• _Task brief_
For this exercise, copy exactly the lines below from the one with "Azimut 38 Fly" through the one with "Prodloužené kleště s" and leave out the pictures.

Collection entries
———
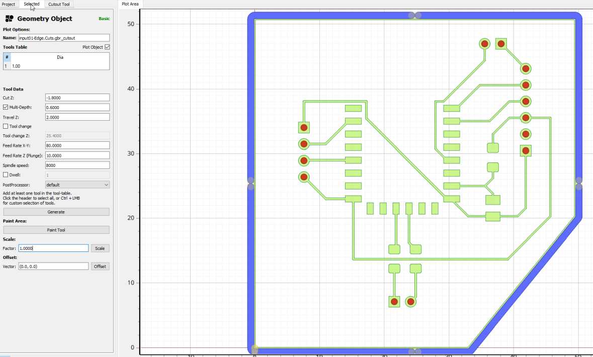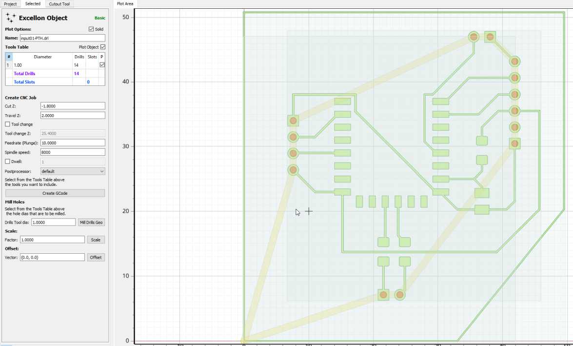 As I have some connectors, I want to drill holes. MODs does not seems to allow those function. For many reasons I want to switch FlatCAM to produce the gcode. I want also to be able to produce gerber files.
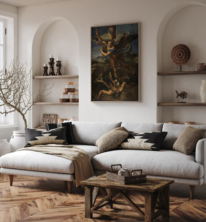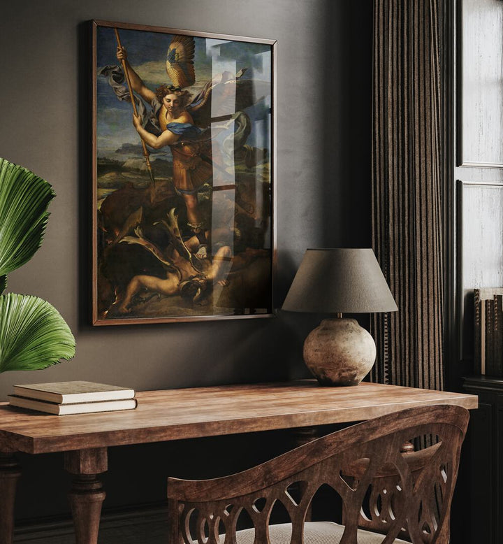 Step into a world of artistic brilliance with "War in Heaven (1518)" by the legendary Raphael Raffaello. This exquisite vintage painting is now available as a premium art print, meticulously crafted to elevate your home decor and inspire your imagination.
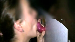 hure frau inhaliert & amp; stockt ebony beau an einem gloryhole
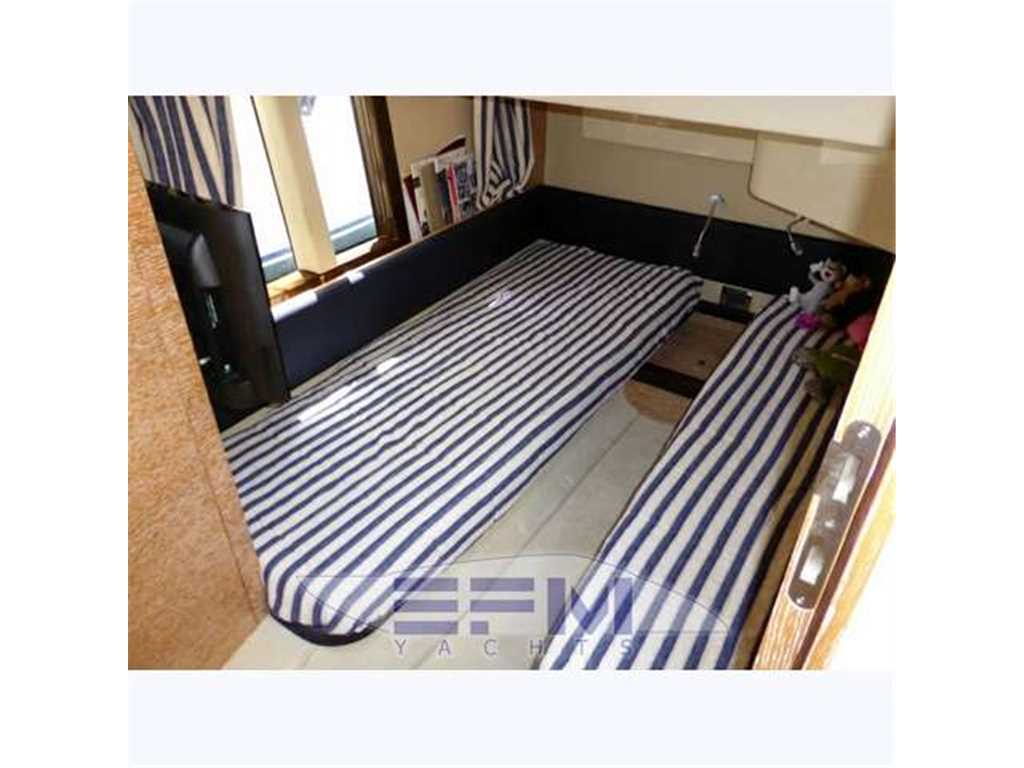 Azimut 38 Fly La cabina ospiti di dritta con letti gemelli ha una open view bipartita con cristallo composito da 14 mm e un oblò apribile, armadio appendiabiti con interno in cedro, comodino con ripostiglio, cassetto e gavone di stivaggio a pavimento, Il bagno, simile a quello armatoriale come dotazione, ha un calpestio più ampio e manca il lucernario; è comunque presente un oblò apribile. Un portello a pagliolo nel disimpegno permette una facile ispezione o sostituzione della vasca acque grigie dove, per gravità, vengono convogliate le acque di risulta.
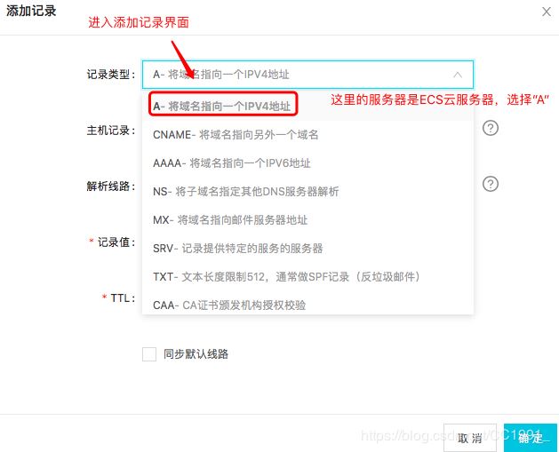 1、记录类型。需要注意的是解析内容的记录类型只有两种,如果是云服务器或者VPS就选择A,虚拟主机就选择CNAME。
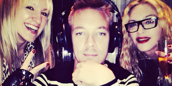Diplo has joined Madonna for three weeks worth of studio sessions so far, during which the pair wrote seven songs together, including a track titled, ‘Bitch, I’m Madonna’. The producer says “probably four tracks” will make the final cut, and as for feeling pressured he told Digital Spy “I do not usually feel pressured to write hits, but when it’s an artist of this calibre, it’s obvious that I want to push the boundaries a little bit further and surpass myself. He has also recruited Ariel Rechtshaid (Kylie, No Doubt) and MNEK to write verses for “a song Madonna really likes”. Speaking to Billboard magazine he told, “One song is super weird. Late one night in the studio we got a little bit drunk and she improvised a little hook and we made a song out of it. I think it’s going to be a breakthrough if she can manage to get everything together and get it out properly”. For those curious, Madonna’s drink of choice was Rosé. The late Christian Falk (Robyn, Neneh Cherry) also told a Swedish publication that he joined Diplo in the “fruitful” sessions in which Madonna was “very engaged”.
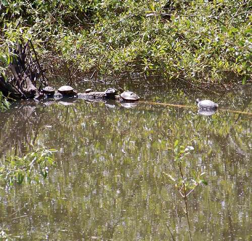 Basking western pond turtles, such as these at the Gonzalezes’ pond in May 2010, can be aggressive in making sure they have enough room. Usually this consists of biting and ramming other turtles to push them off their perch. Luckily, such aggression is usually over by noon, which leaves the afternoon free for sunning. Or so I read.
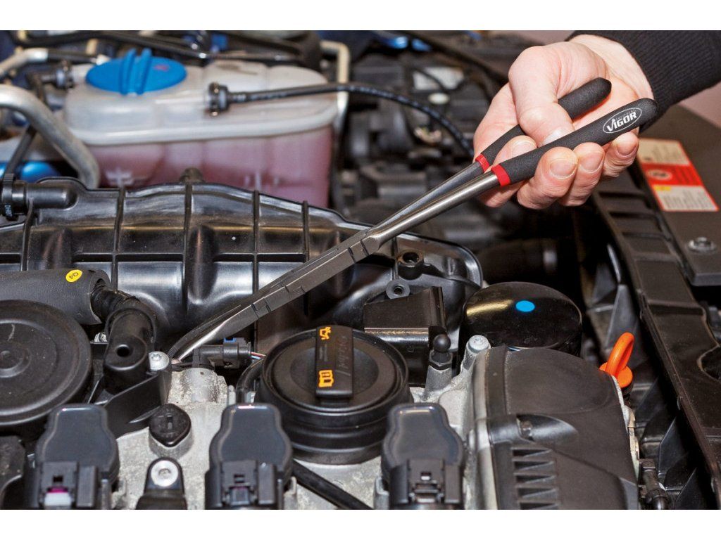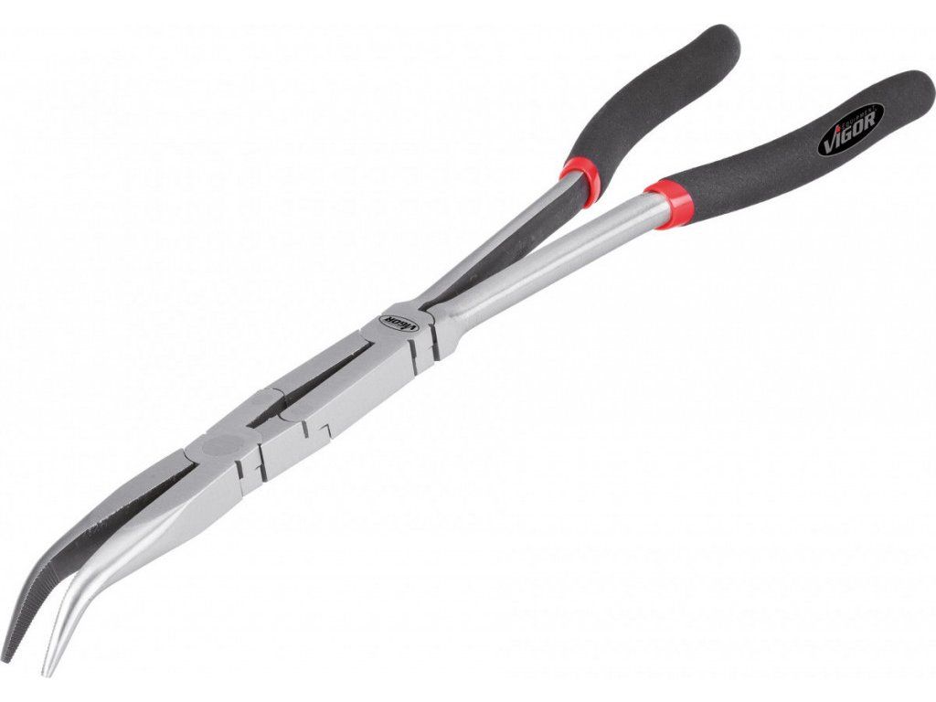Prodloužené kleště s půlkulatými zahnutými čelistmi (45°) a se zdvojeným kloubem jsou vyrobeny ze speciální oceli. Jsou extrémně úzké, mají délku 335 mm a ergonomické rukojeti, což umožňuje vysoký přenos síly na čelisti. Používají se zejména v obtížně přístupných místech.
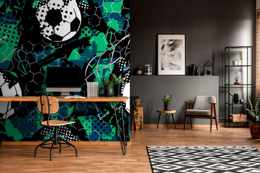 Hola a todos ¿Quieres decorar tu espacio con algo un poco más atrevido? Echa un vistazo a este mural “Abstract Soccer Pattern with Hexagons”: es la mezcla perfecta de arte y deporte. Los locos patrones geométricos y los atrevidos estampados de fútbol aportan una gran energía a cualquier habitación.
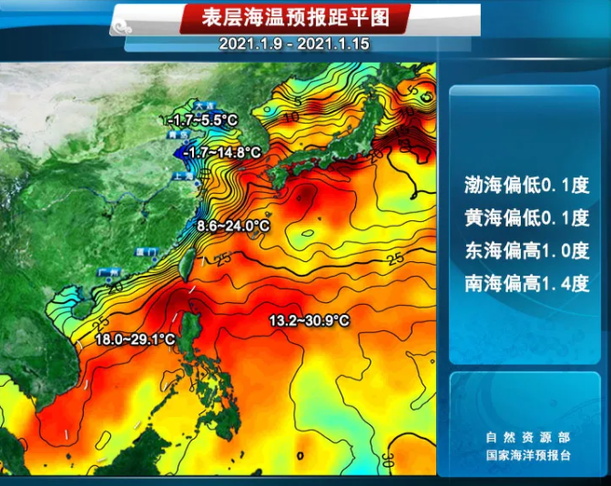 渤海为-1.7℃到5.5℃,比常年偏低0.1℃左右;黄海为-1.4℃到14.8℃,比常年偏低0.1℃左右;东海为8.6℃到24℃,比常年偏高1℃左右;南海为18℃到29.1℃,比常年偏高1.4℃左右;外缘海域为13.2℃到30.9℃,比常年偏高1.2℃左右。(总台央视记者 李洁 郑天皓)
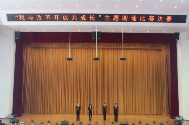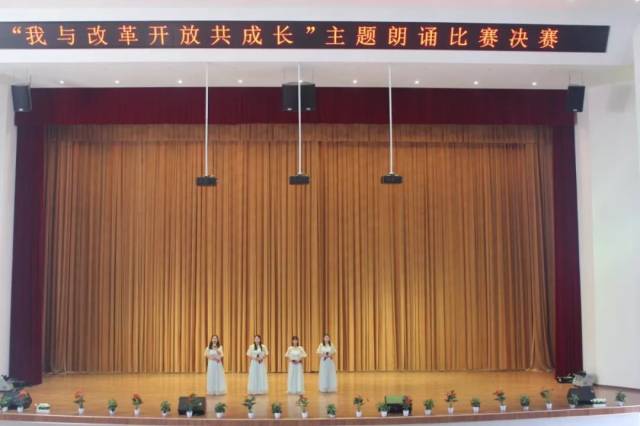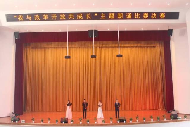 紧接着,来自人文与艺术系的张子东、齐梦、杨俊、胡钰媛表演的《四十年赞歌》,生动清晰地讲述了改革开放40年道路上的风雨兼程,一路艰辛;高度赞美了改革开放40年的丰硕成果。让我们再次感受到党和人民的力量无限伟大!
———
• _Written response_
 Azimut 38 Fly La cabina ospiti di dritta con letti gemelli ha una open view bipartita con cristallo composito da 14 mm e un oblò apribile, armadio appendiabiti con interno in cedro, comodino con ripostiglio, cassetto e gavone di stivaggio a pavimento, Il bagno, simile a quello armatoriale come dotazione, ha un calpestio più ampio e manca il lucernario; è comunque presente un oblò apribile. Un portello a pagliolo nel disimpegno permette una facile ispezione o sostituzione della vasca acque grigie dove, per gravità, vengono convogliate le acque di risulta.
 1、记录类型。需要注意的是解析内容的记录类型只有两种,如果是云服务器或者VPS就选择A,虚拟主机就选择CNAME。
Diplo has joined Madonna for three weeks worth of studio sessions so far, during which the pair wrote seven songs together, including a track titled, ‘Bitch, I’m Madonna’. The producer says “probably four tracks” will make the final cut, and as for feeling pressured he told Digital Spy “I do not usually feel pressured to write hits, but when it’s an artist of this calibre, it’s obvious that I want to push the boundaries a little bit further and surpass myself. He has also recruited Ariel Rechtshaid (Kylie, No Doubt) and MNEK to write verses for “a song Madonna really likes”. Speaking to Billboard magazine he told, “One song is super weird. Late one night in the studio we got a little bit drunk and she improvised a little hook and we made a song out of it. I think it’s going to be a breakthrough if she can manage to get everything together and get it out properly”. For those curious, Madonna’s drink of choice was Rosé. The late Christian Falk (Robyn, Neneh Cherry) also told a Swedish publication that he joined Diplo in the “fruitful” sessions in which Madonna was “very engaged”.
 Basking western pond turtles, such as these at the Gonzalezes’ pond in May 2010, can be aggressive in making sure they have enough room. Usually this consists of biting and ramming other turtles to push them off their perch. Luckily, such aggression is usually over by noon, which leaves the afternoon free for sunning. Or so I read.
Prodloužené kleště s půlkulatými zahnutými čelistmi (45°) a se zdvojeným kloubem jsou vyrobeny ze speciální oceli. Jsou extrémně úzké, mají délku 335 mm a ergonomické rukojeti, což umožňuje vysoký přenos síly na čelisti. Používají se zejména v obtížně přístupných místech.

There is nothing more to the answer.